I Remember Seeing, Either At New York Or Boston, A Wooden Figure Of
A Neat Young Woman, As Large As Life, Standing At A Desk With A
Ledger Before Her, And Looking As Though The Beau Ideal Of Human
Bliss Were Realized In Her Employment.
Under the figure there was
some notice respecting female accountants.
Nothing could be nicer
than the lady's figure, more flowing than the broad lines of her
drapery, or more attractive than her auburn ringlets. There she
stood at work, earning her bread without any impediment to the
natural operation of her female charms, and adjusting the accounts
of some great firm with as much facility as grace. I wonder
whether he who designed that figure had ever sat or stood at a desk
for six hours; whether he knew the dull hum of the brain which
comes from long attention to another man's figures; whether he had
ever soiled his own fingers with the everlasting work of office
hours, or worn his sleeves threadbare as he leaned, weary in body
and mind, upon his desk?
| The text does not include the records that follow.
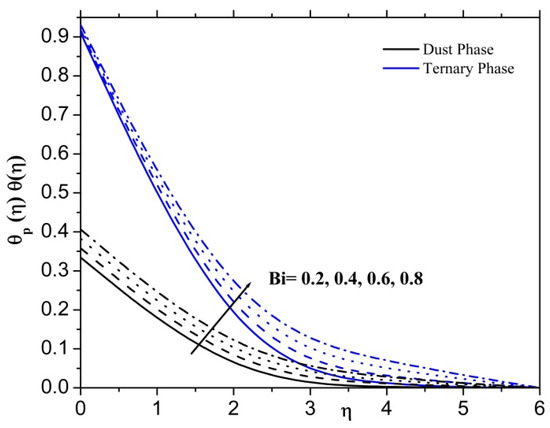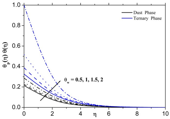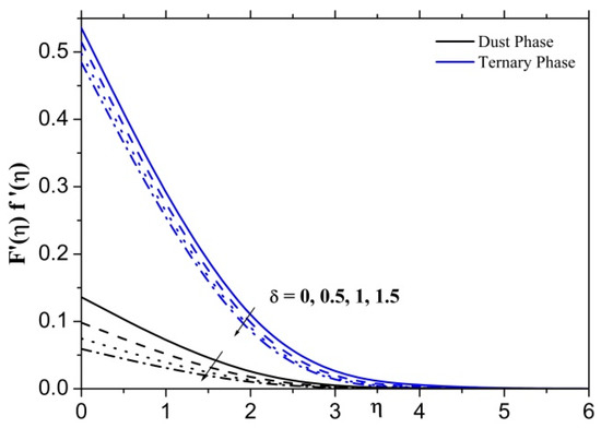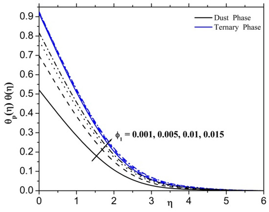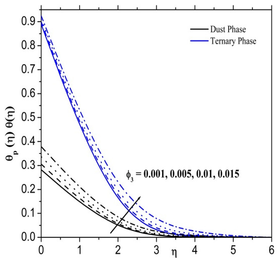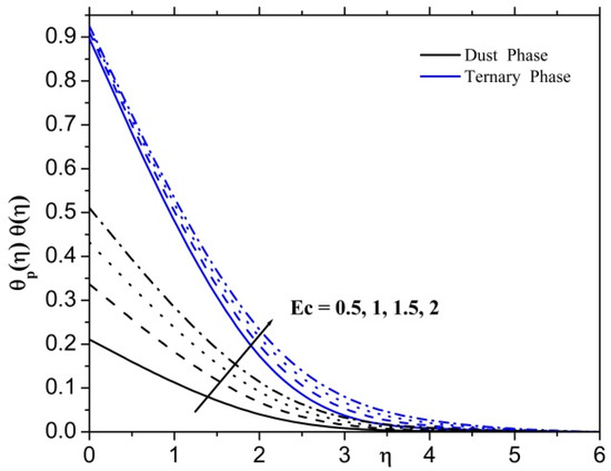 Figure 8 displays the changes in the thermal field for the ternary nanofluid and dusty fluid instances as a function of the parameter. To improve the parameter, it is evident that the thermal field rises in both ternary nanofluid and dusty fluid phases. Physically, the Eckert number is the ratio of kinetic energy to the specific enthalpy difference between wall and fluid. Therefore, an increase in the Eckert number causes the transformation of kinetic energy into internal energy by work that is done against the viscous fluid stresses. Due to this, increasing enhances dramatically the temperature of the fluid.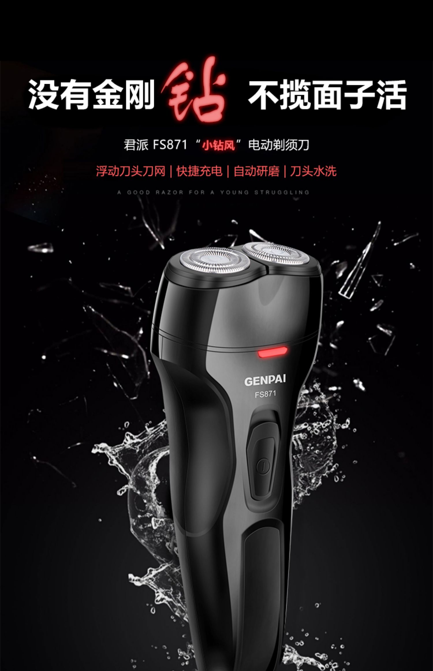 君派3D剃须刀电动男士刮胡刀智能充电式水洗双头胡须刀正品FS871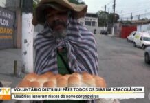 Enquanto pandemia não cessa, gari distribui pão e água para moradores da Cracolândia em...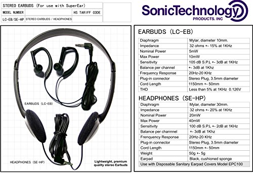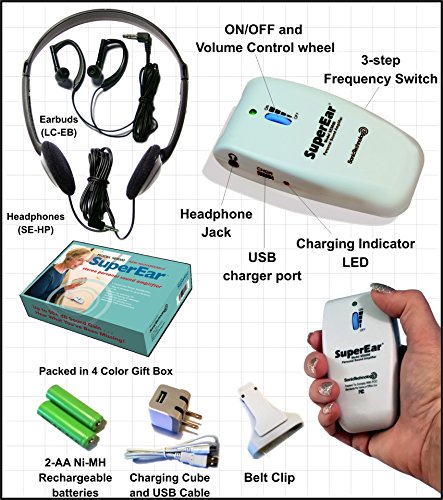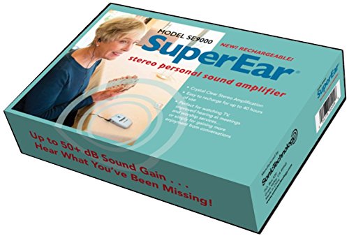 -. Brand : SuperEar -. Color : black -. Feature : 3- Position Frequency Switch Enables User to Enhance Desired Frequency Range / Premium Stereo Headphones and Unobtrusive, Discreet and Comfortable Dual Hook Style Earbuds Feature Matched Output Drivers to Deliver Clear, Crisp sound. / Volume Control Wheel Permits Easy Volume Adjustment with Lighted ON/OFF Button / Belt Clip and Owners Manual. / Rechargeable AA Batteries Provide Up to 40 Hours of Operation Each Charge -. IsAdultProduct : 0 -. Label : Sonic Technology Products -. Manufacturer : Sonic Technology Products -. MPN : SE9000HP -. PackageQuantity : 1 -. PartNumber : SE9000HP -. ProductGroup : Health and Beauty -. ProductTypeName : PERSONAL_CARE_APPLIANCE -. Publisher : Sonic Technology Products -. Studio : Sonic Technology Products -. Title : SuperEar RECHARGEABLE Sound Amplifier with Both Stereo Headphones and Earbuds, 3-Tone Fequency Selector Assistive Listening Device Increases Sound 50dB, CMS/ADA Compliant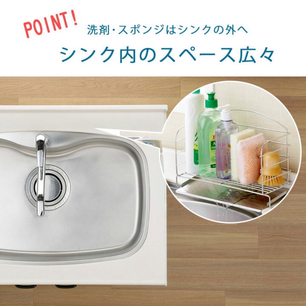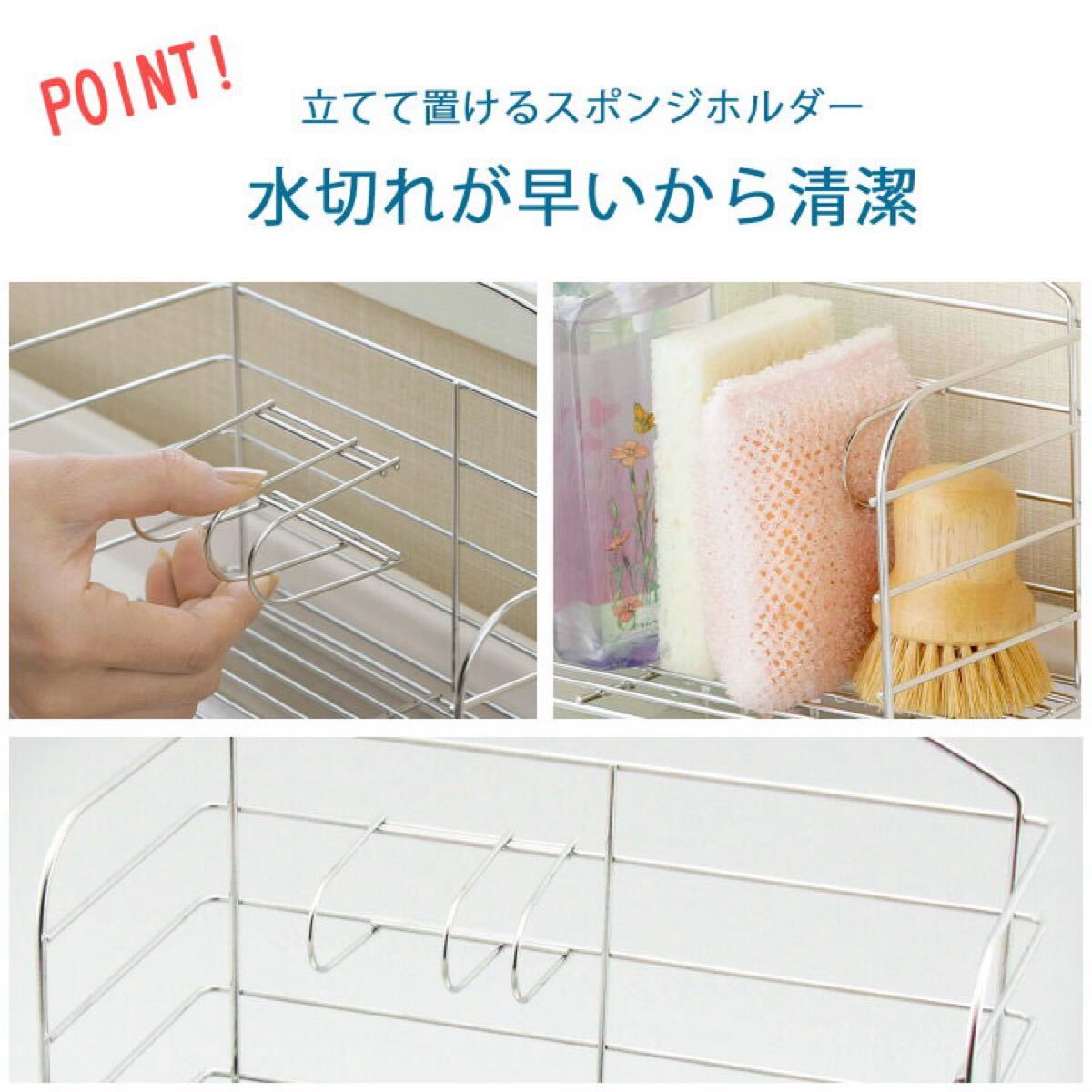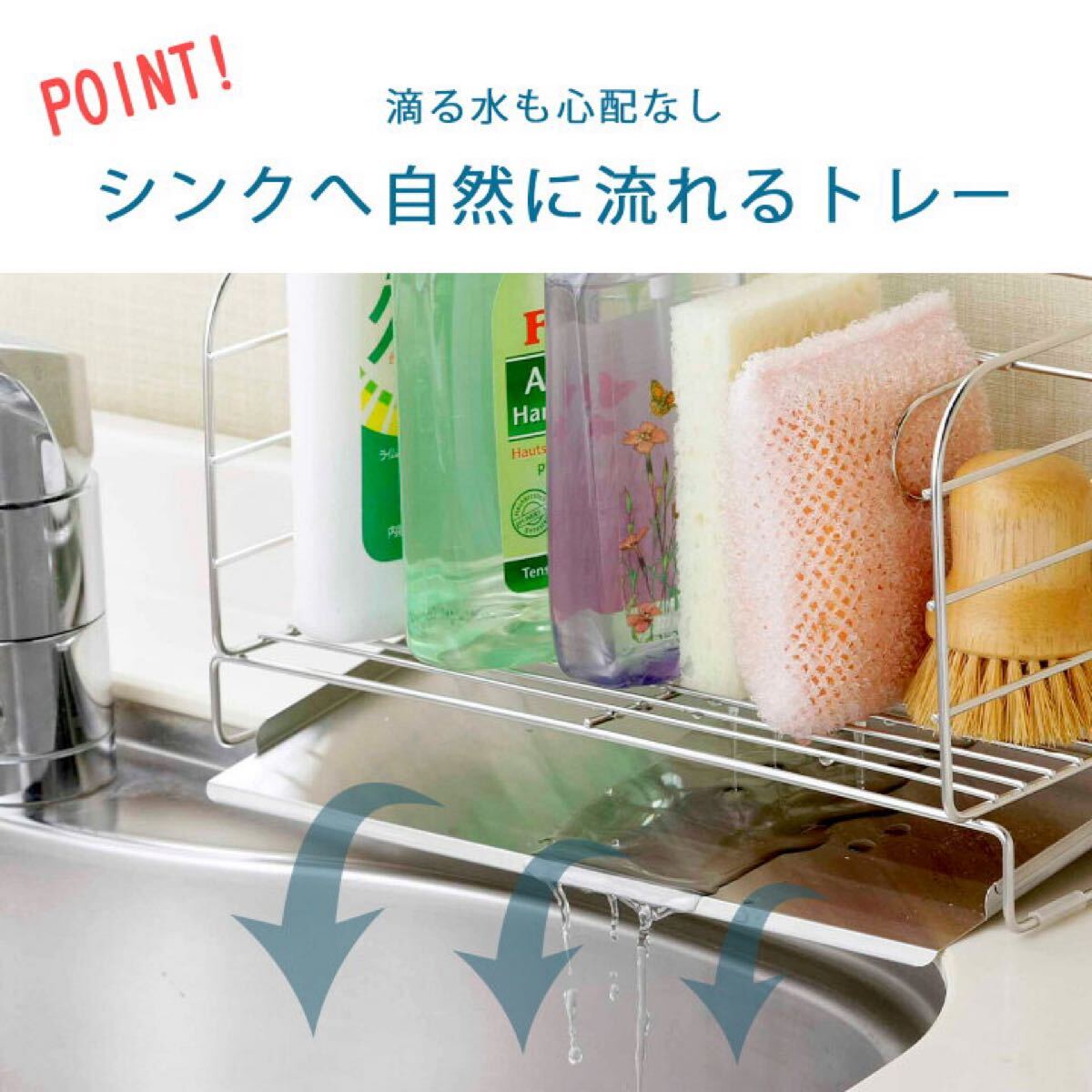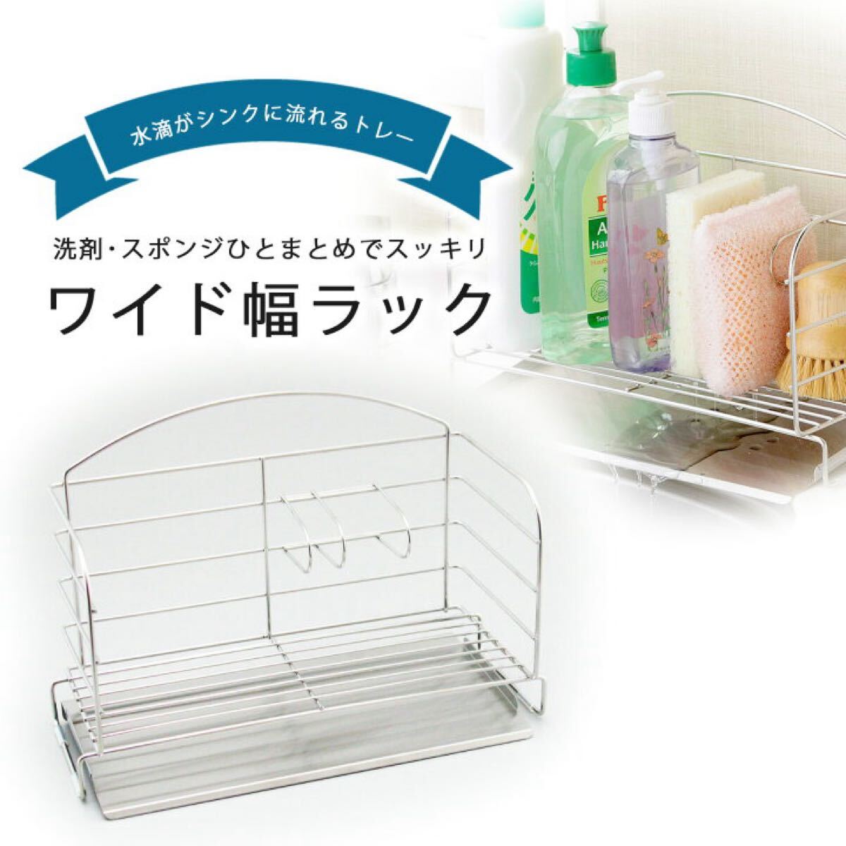洗剤 スポンジラック ワイド 斜めトレー 日本製 ステンレス シンクラック 丈夫 清潔 流れるトレー スッキリ 洗剤ラック スポンジ 水が流れる燕三条 ツバメ 国産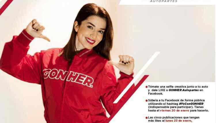 Ingresa a la página de Facebook de Gonher Autopartes y dale like, tómate una selfie creativa junto a tu auto y súbela a tu perfil de Facebook utilizando el hashtag #YoConGONHER.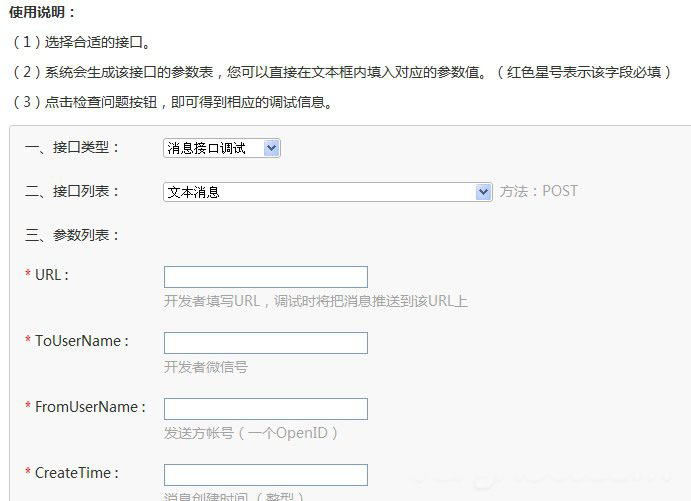 接口列表中选择自己要调试的类型,这里以 文本消息 为例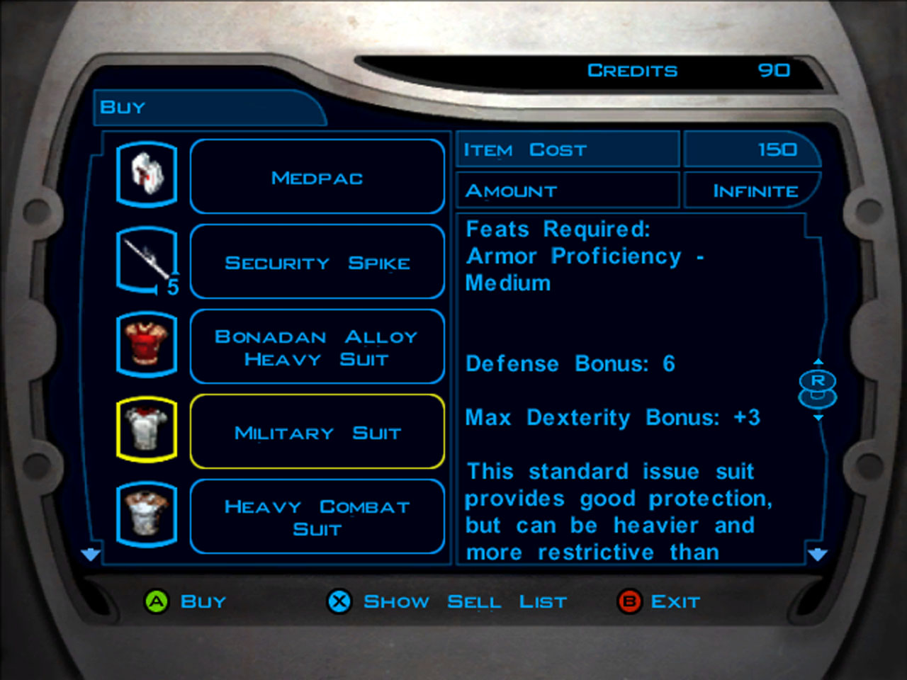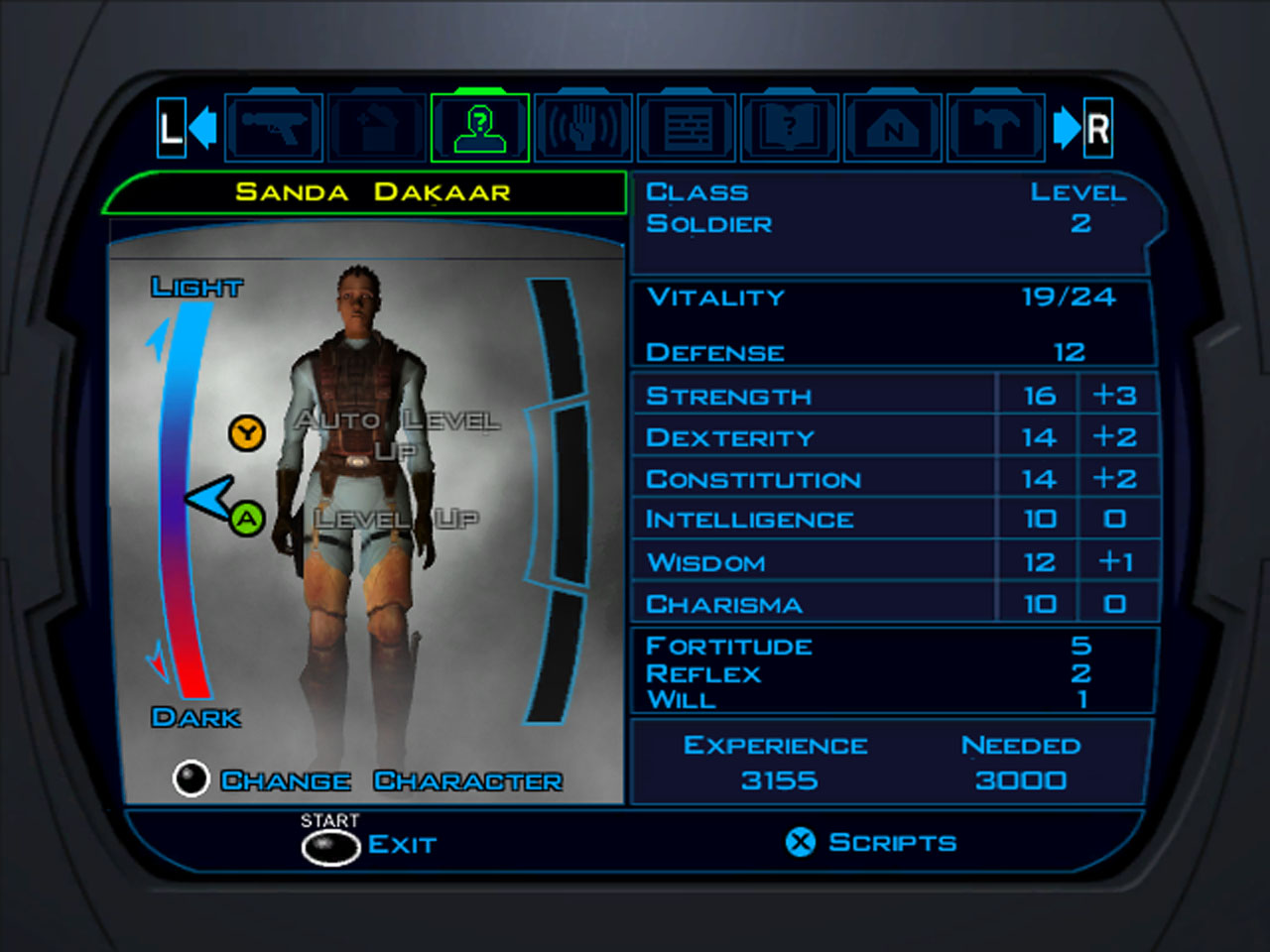 Если честно, мне в то время 3-я редакция DnD казалась какой-то казуальной и упрощённой. Особенно смешно, сейчас наблюдать мнение, что «трёшка» это какая-то «хардкорная» ролевая система. Ну у всех, наверное, свои предпочтения в этой сложной теме. Ролевая система KotOR базируется на так называемой системе d20. Которая в свою очередь представляет из себя крайне урезанную 3-ю редакцию DnD, также адаптированную под реалии Star Wars. В игре присутствуют 3 начальных класса, и 3 джедайских (что-то вроде престиж классов из DnD). Самое интересное, что их можно комбинировать в любой последовательности. Легко можно начать солдатом и стать джедаем-консулум, например. Запороть персонажа очень сложно, но лучше заранее оставить побольше уровней на джедайские классы. Впрочем никто не мешает развиваться на бластеры, и не пользоваться «световой палкой» вообще.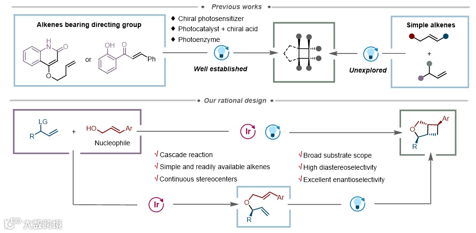 转移形成三线态物种参与的[2+2]环加成反应,由于其具有高的原子经济性以及条件温和等特点,得到了广泛研究。然而可见光促进不对称[2+2]环加成反应非常有挑战性,主要是因为光化学下产生的较高活性自由基中间体,难以同时实现优秀的区域、非对映以及对映选择性控制。为了实现光促进不对称[2+2]环加成反应,目前有以下几种策略:1)手性光敏剂催化;2)手性发色团活化;3)光酶催化(图1)。但仍然存在较多局限:1)底物一般需要预装导向基,无导向、非极性烯烃作为底物的相关报道较少;2)底物一般需要多步合成,尤其对于分子内底物的合成更为复杂;3)同时实现非对映以及对映选择性控制较为困难。因此,发展更直接、高效的方法实现手性环丁烷分子的合成具有重要的研究意义。为了解决这个问题,该研究团队将铱催化不对称烯丙基醚化反应与可见光促进[2+2]环加成反应相结合,利用铱催化不对称烯丙基醚化生成的手性二烯中间体,原位发生高非对映选择性控制的光促进[2+2]环加成反应,从而生成手性环丁烷衍生物。
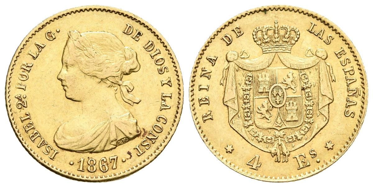 ISABEL II. 4 Escudos. 1867. Madrid. Cal-111. Au. 3,30g. MBC/MBC+.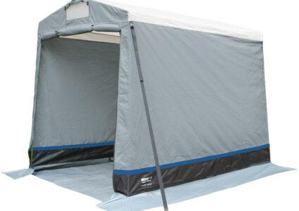 Gerätezelt mit herausnehmbaren Boden, Faulstreifen und Hochentlüftung. Für Garten und Campingplatz. Innenliegendes Gestänge Hochentlüftung PE Faulstreifen Herausnehmbarer PE Boden Technische Daten: Abmessungen (LxB): 230 x 160 cm Stehhöhe: 190 cm Material: Außenzelt: 300D PVC – 150 D Hypertex Poylester PU, 3.000 / 1.000 mm Gestänge: Stahlgestänge 22 mm / 19 mm Gewicht: 13,5 kg Farbe: hellgrau-dunkelgrau-blau Lieferumfang: Zelt, Sturmabspannung, Tragetasche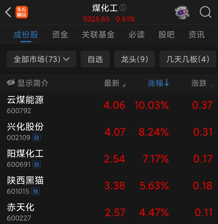 煤化工板块的金牛化工、云煤能源同样已经连续两天涨停,兴化股份盘中涨停微盘炸板收涨8.24%,阳煤化工、陕西黑猫今天大涨超5%。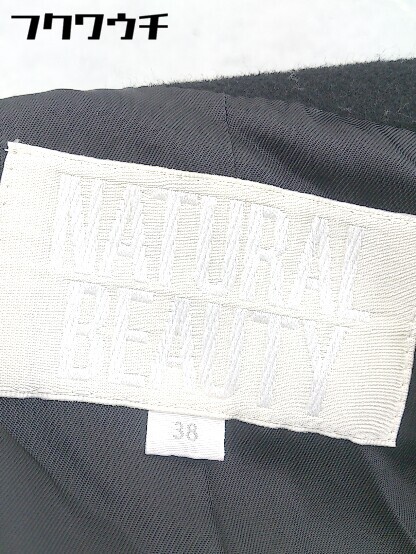 ■ ◎ NATURAL BEAUTY ナチュラルビューティー ウエストベルト付 長袖 コート サイズ38 ブラック レディース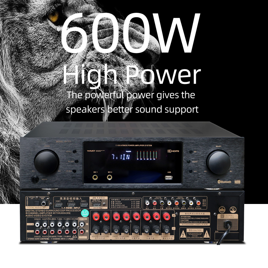 Support Dolby Atmos/Dolby TrueHD/Dolby Digital Plus/DTS X/DTS-HD. Upgrade your home theater with the AV777 provides a truly immersive 3D audio experience, enjoy seamless compatibility with the latest HD and Ultra HD TVs, Blu-ray players and game consoles.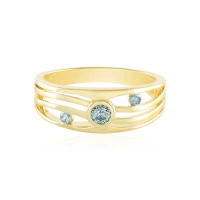 Schicker 0,153ct Blauer Diamant Goldplattierter Silberring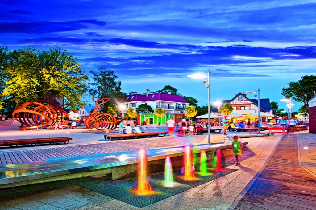 Rewal ist ein Ferienort in der Woiwodschaft Westpommern. Es liegt am Ufer der Ostsee und ist das Zentrum der malerischen Rewal-Küste. Rewal bietet Touristen einen sauberen Strand und einen bewachten Badebereich. Hier gibt es auch einen Angelstützpunkt, der sich perfekt als Hintergrund für Erinnerungsfotos eignet. Da Sie sich in der Nähe des Strandes befinden, müssen Sie unbedingt das Wahrzeichen der Stadt sehen. Das sind die riesigen Rewal-Wale, die auf der Promenade direkt an der Küste und auf der Aussichtsplattform stehen. Kinder werden von einem Besuch im Walpark begeistert sein. Bei schlechtem Wetter bietet sich ein Ausflug in eines der mehreren öffentlichen Hallenbäder an. Der Stolz der Stadt ist die renovierte Schmalspurbahn, die Ihnen einen reizvollen Ausflug in benachbarte Ferienorte ermöglicht.

Work is a grand thing - the grandest thing
we have; but work is not picturesque, graceful, and in itself
alluring. It sucks the sap out of men's bones, and bends their
backs, and sometimes breaks their hearts; but though it be so, I
for one would not wish to throw any heavier share of it on to a
woman's shoulders. It was pretty to see those young women with
spectacles at the Boston library; but when I heard that they were
there from eight in the morning till nine at night, I pitied them
their loss of all the softness of home, and felt that they would
not willingly be there, if necessity were less stern.